Olivier Saudan

©BBL - Magali Koenig
  • VOIR LA GALERIE
Olivier Saudan
Carte Blanche

Twice a year, the Bejart Ballet Lausanne invites a Swiss artist to create its own art project in line with the company during the rehearsals in its studios.

 

Oliver Saudan, so far yet so close to dance

The movement is somewhere else, out of his visual field. On top of that, his motion is out of frame, in a space where he can create his own magic.  To embody it. To repeat it. To fasten it with the required precision and control. Even the dancers are elsewhere in Oliver Saudan’s series. However, their presence embrace the painted space, lodged in the shadows of life. Their objects, so familiar, are absorbed into the mundane, the daily landscapes. A ring. A water bottle. A pair of gloves. A letter…maybe a love letter. True to his reading of the world through the contour of things, he holds onto a figure which can’t be revealed nor explained—it can only to be traced inwardly, timelessly. The choice made by the Morges resident, winner of Sandoz Price in 2007, seems bold! Subjectifying dance without letting it intervene? Without letting it follow its multiplying movements? Without any trace of a motion? Yet, as we get to the roots of the original vibrations and listen to the slightest pulse on his field—a human aggregate subliming the universe – we come across it.

« Often, we feel sucked in by our need for perfection and absolute harmony.

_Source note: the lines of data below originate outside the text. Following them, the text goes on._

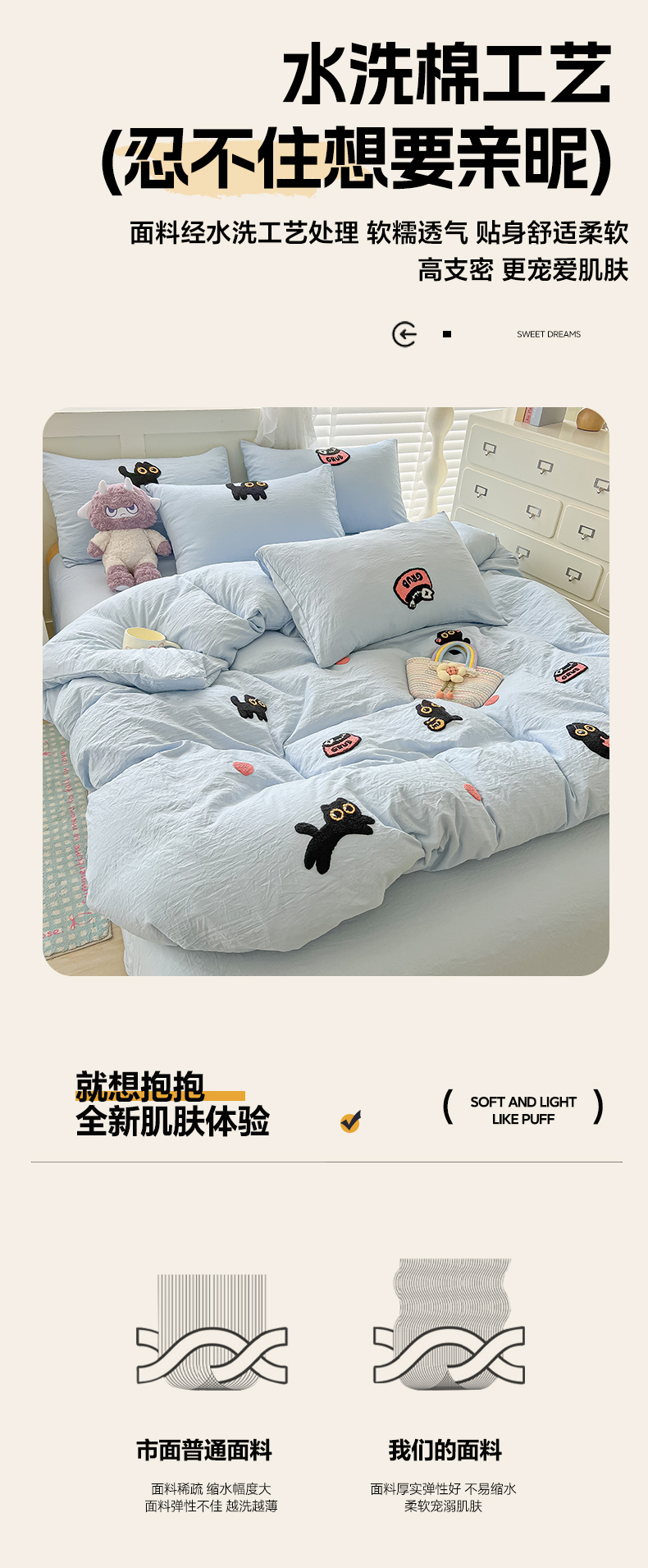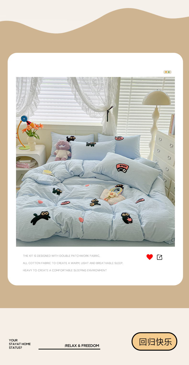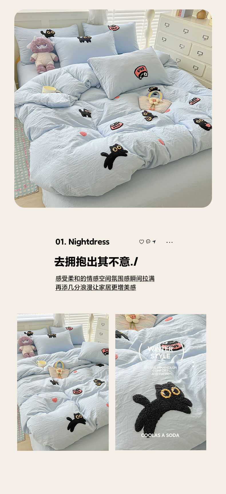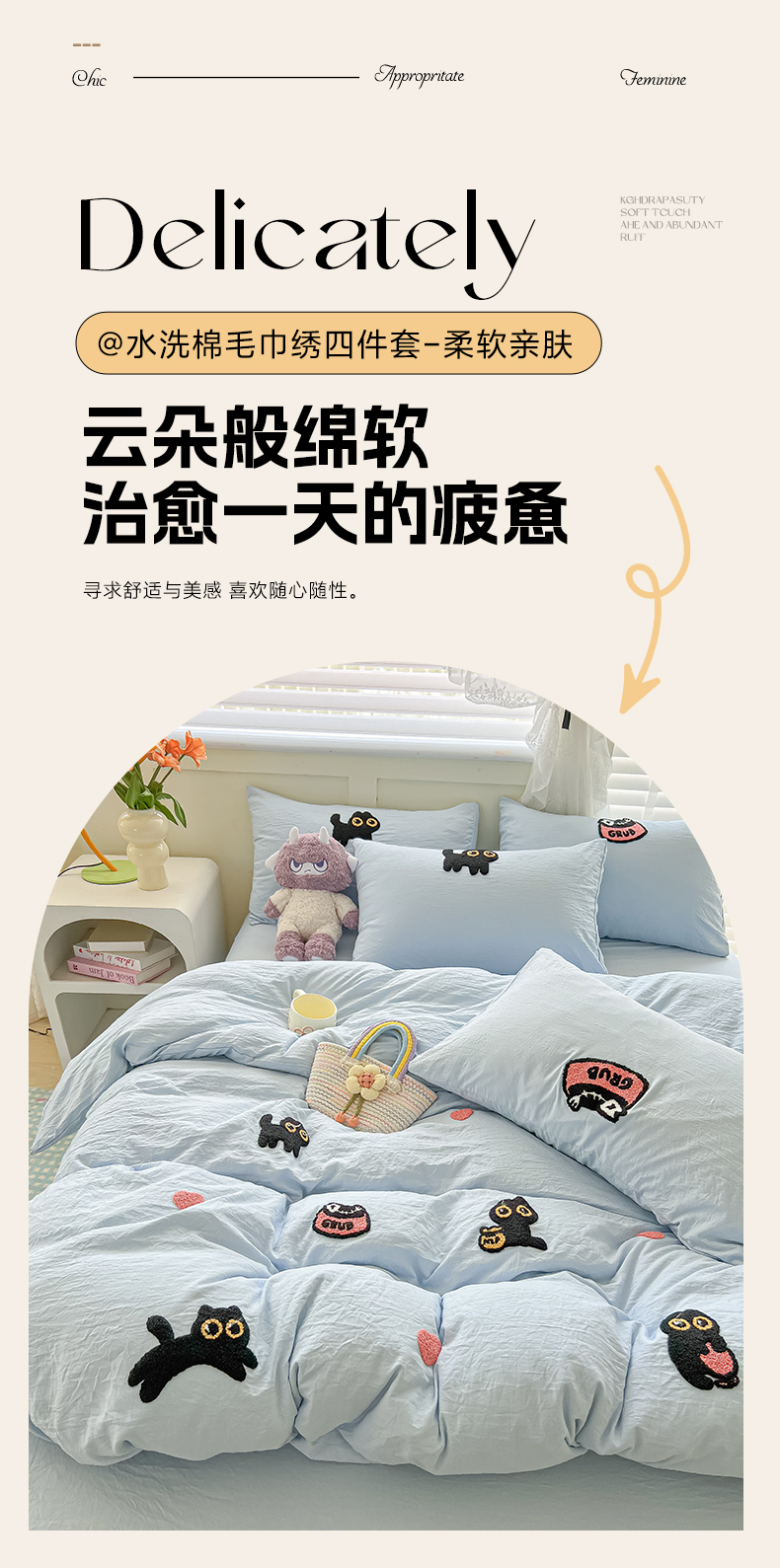 当前位置: 91家纺网 > 商品网购 > 床品套件 > 四件套 > 全棉普通四件套 > 韩巢家纺 2025款四季通用超柔水洗棉毛巾绣四件套-幸运猫系列 幸运猫浅蓝
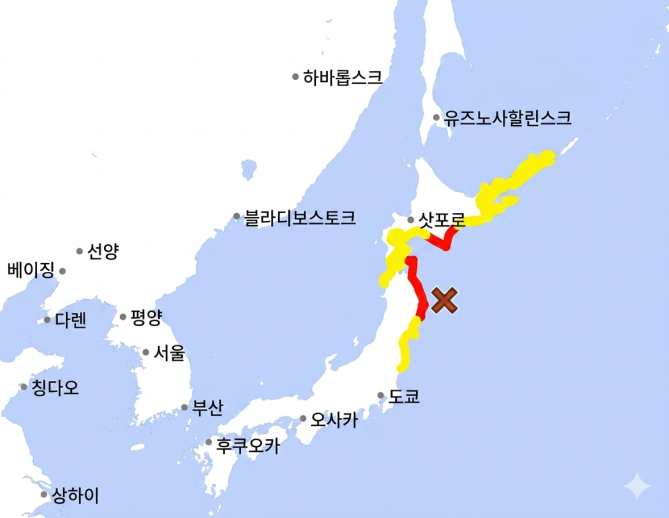 진앙은 아오모리현의 인구 24만 명 도시 하치노헤에서 동남쪽으로 134㎞라고 유럽지중해지진센터(EMSC)이 분석했습니다.
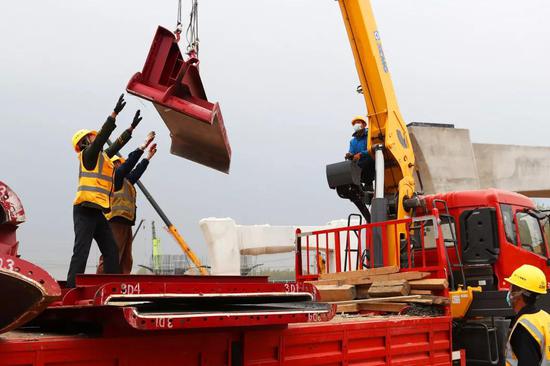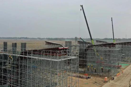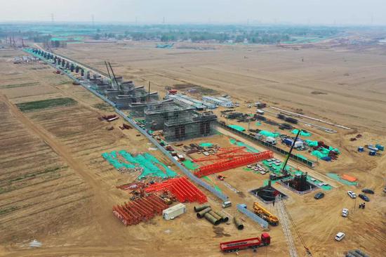 中交一公局集团在京雄高速兰沟洼特大桥建设工地施工
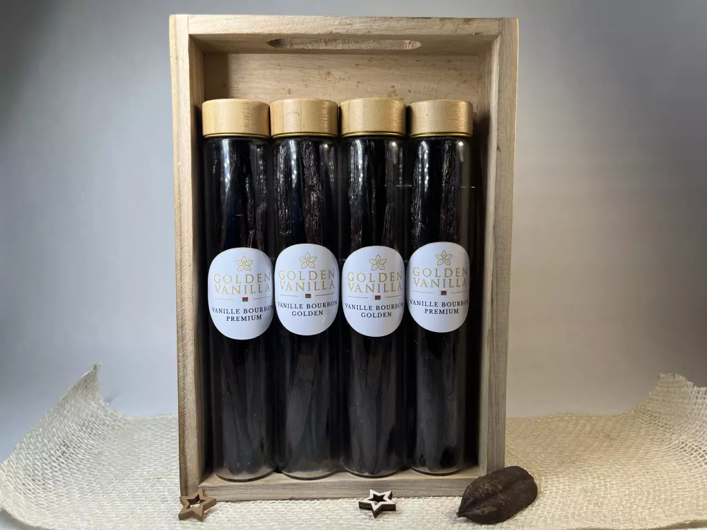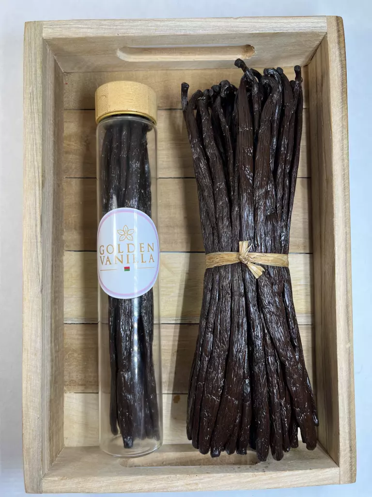 La Vanille Bourbon Golden Vanilla est le joyau de notre collection. Issue des plus belles plantations malgaches, elle se distingue par ses gousses longues, épaisses et parfaitement maturées, sélectionnées une à une selon des critères stricts de qualité.
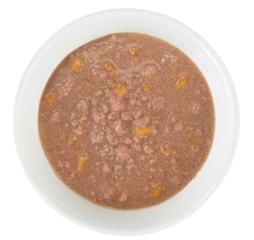 Chicken, chicken broth, pumpkin, lamb, dicalcium phosphate, xanthan gum, potassium chloride, choline chloride, magnesium sulfate, salt, calcium carbonate, taurine, zinc amino acid chelate, iron amino acid chelate, vitamin E supplement, ascorbic acid (source of vitamin C), thiamine mononitrate (vitamin B1), niacin (vitamin B3), manganese amino acid chelate, vitamin A supplement, copper amino acid chelate, calcium iodate, calcium d-pantothenate, sodium selenite, riboflavin, vitamin B12 supplement, pyridoxine hydrochloride (vitamin B6), folic acid, vitamin D3 supplement, biotin, menadione bisulfite complex.
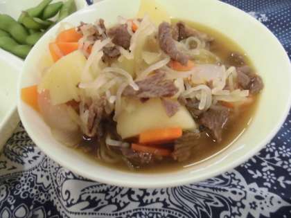 肉じゃがは、牛肉の風味が他の具材にもほどよく染み込み、とてもおいしくいただきました。
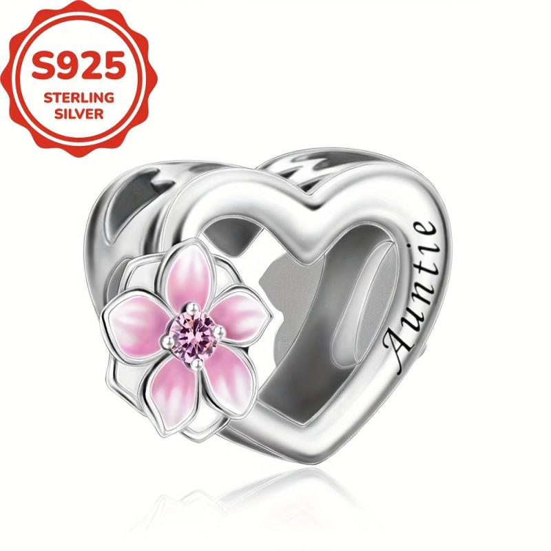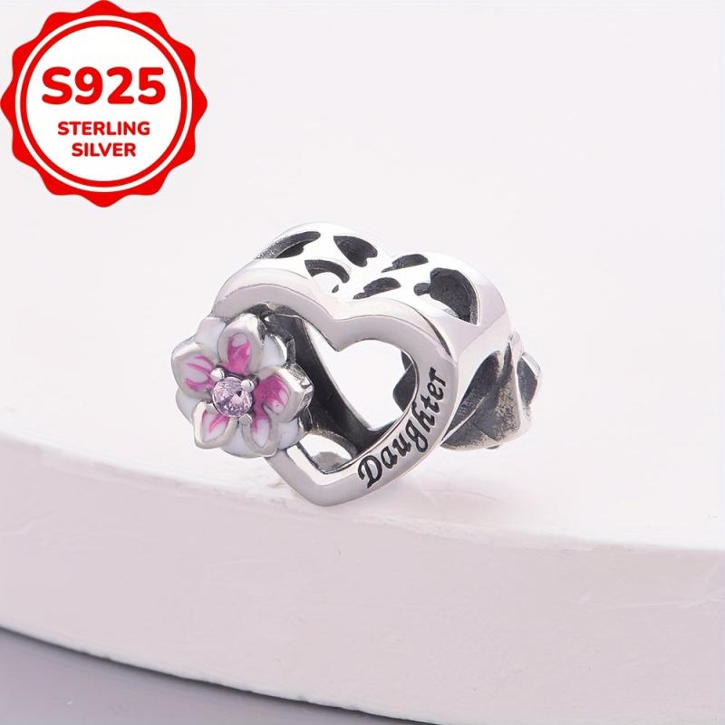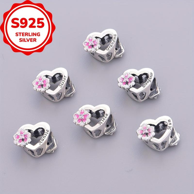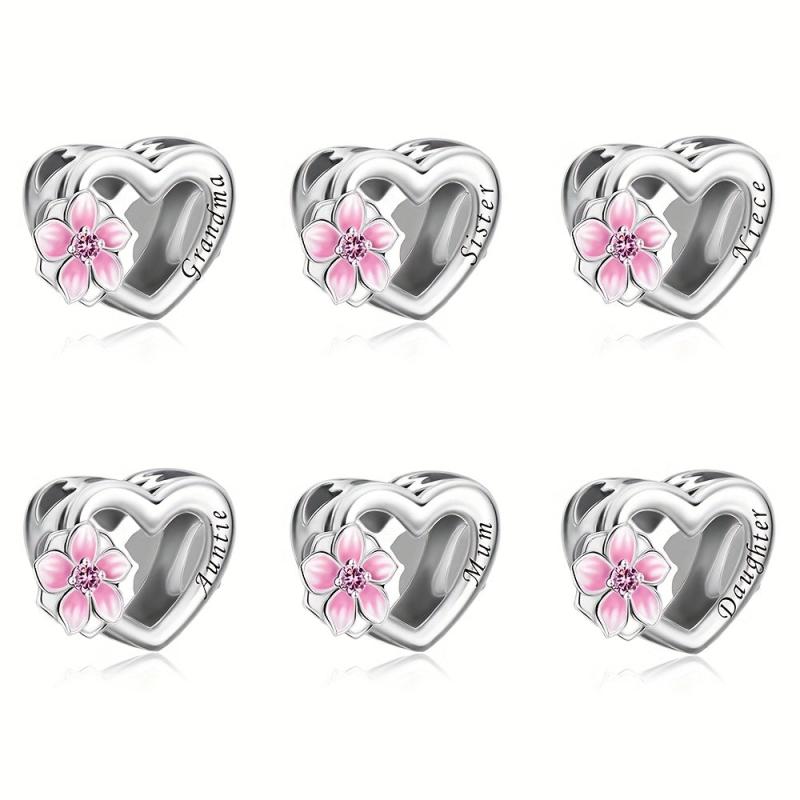 This 925 sterling silver pendant features a family love heart design with pink gradient flower accents, perfect for home address decoration or jewelry making for daily wear and holidays.

Besides acknowledging the physical violence dancers have to deal with, I need to be there, I need to get even closer. The same way, I have a better understanding for where Bowie comes from when he drove to my workshop in his old Volvo, dressed with ragged jeans, only to be met with my wood engraving chatter. How can I put it? It’s almost a moment of intimate grace—much like reaching into your pocket, where lays the same coin, the same medal, the same lucky charm…and touch what is most essential. » Dance also reaches into the essence of things.

Olivier Saudan has met and embodied this art form! To the point where his rebellious adolescent self desired to chart his own path in it. Freshly offloaded in Lausanne, life brought him to Maurice Béjart as a stowaway.  Every time, the story evolves, every time, the being comes to life. Carried away. Enchanted. Transcended.

Life is offering him a return to the world of dance and luck has nothing to do with it. Passions are reignited and new layers are added to his work—acting as a link between the past and the present. This time around, it will be human, the same way his relationship to dance has always been. The Morgien invites us into his painted choreography and carries us as we chase the intimate movements of life. Why should we reproduce or reinterpret what has already been done? « I feel like I stole the dancer’s objects and a part of his being through the paint’s veil. I made a real novel out of it. »

Finally, Olivier Saudan was able to get closer to the pulsating heart of dance by moving away from the exegesis. Objects, reassuring fetishes, all show individual trajectories falling within a group movement. It’s all about the sacredness of things, the beings and the references they draw. Like dance!